A recent report from The Economist highlighted the plight of world religions as their congregations decreased during China virus period — leading to a lack of funds and even closures. But in today's In-Depth Report, Church Militant's Aidan O'Connor takes a closer look at why many U.S. Catholic prelates shouldn't be worried.
Rabbis, imams and pastors around the world are taking a hard hit in attendance and finance.
After harsh COVID restrictions and lockdowns swept the globe, many changed their place of worship, watched virtually or simply stopped attending. No attendance means no funding — and eventually, closure.
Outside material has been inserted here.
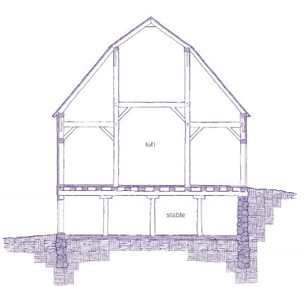 The Cob Courtyard was built as a food preparation area and has a kind of “Flintstones” look to it. It is currently undergoing some restoration work to repair the deterioration that it has suffered over the years.
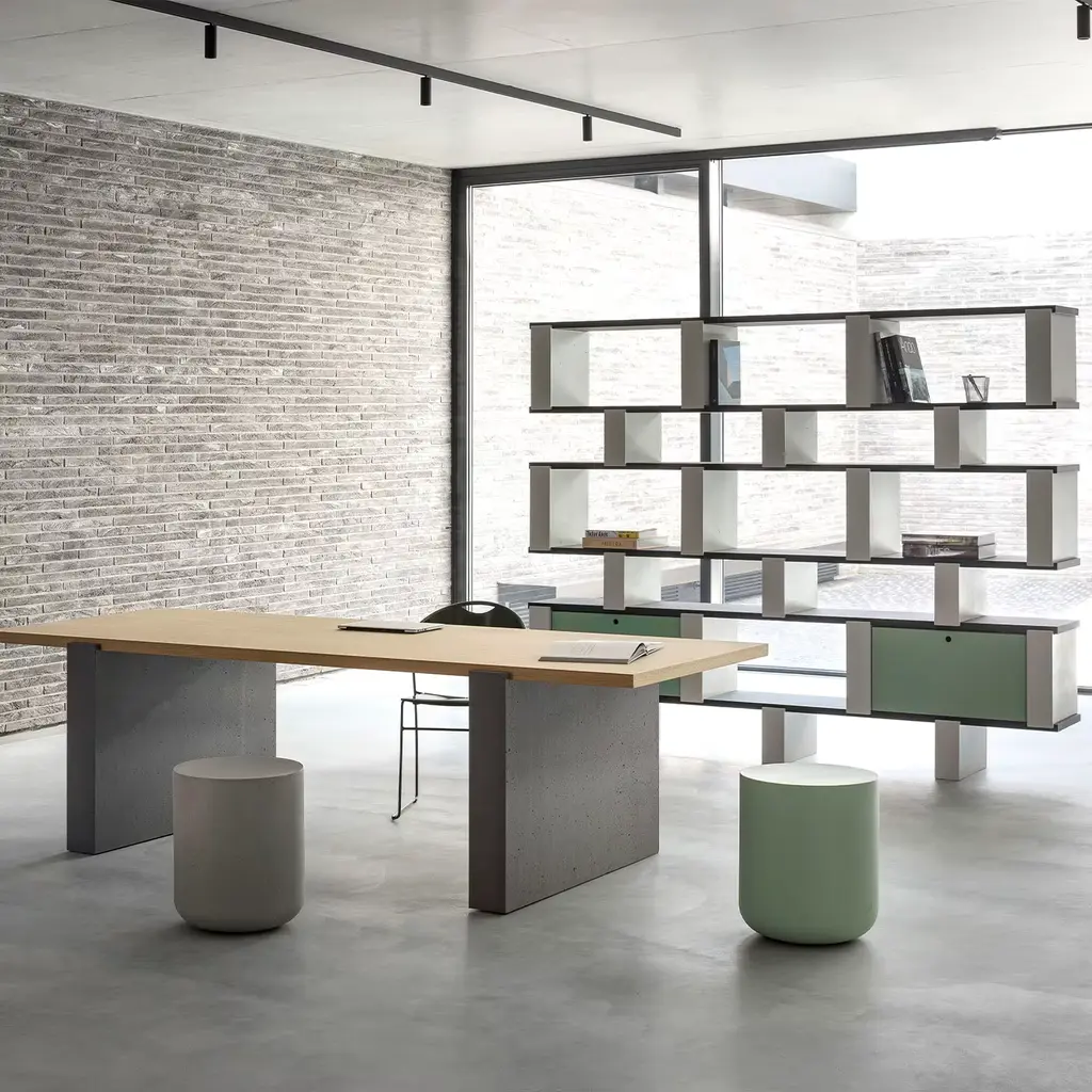 Linear outlines and natural materials for a table that invites conviviality: the traditional support surfaces made of bricks and wooden boards are reinterpreted in a contemporary key through the combination of legs in CIMENTO® and top in essence. Accademia tables, much more than simple furnishing accessories, are functional and versatile and give character to both home and office spaces. Available in different lengths, colors, and combinations. Please, ask the Concierge for further details

Catholic prelates in America, though, are in a different situation from other religious leaders.
Most big dioceses in the states have nothing to worry about, owing to a wealthy patrimony of assets and endowments.
The archdiocese of Detroit, headed by Abp. Allen Vigneron, sits comfortably with hundreds of millions of dollars in assets.
Abp. Vigneron: "Your generosity will allow us to respond to the material and spiritual needs of individuals and families."
Detroit's archdiocese logged in over $260 million in assets for 2020.
While these funds are not all immediately usable, Abp. Vigneron still has tens of millions of dollars readily available.
Heading west, the archdiocese of Los Angeles, led by Abp. José Gomez, is also not wanting financially.
Abp. Gomez: "I encourage you to be generous in your donations to your parish and to the ministries of the archdiocese of Los Angeles."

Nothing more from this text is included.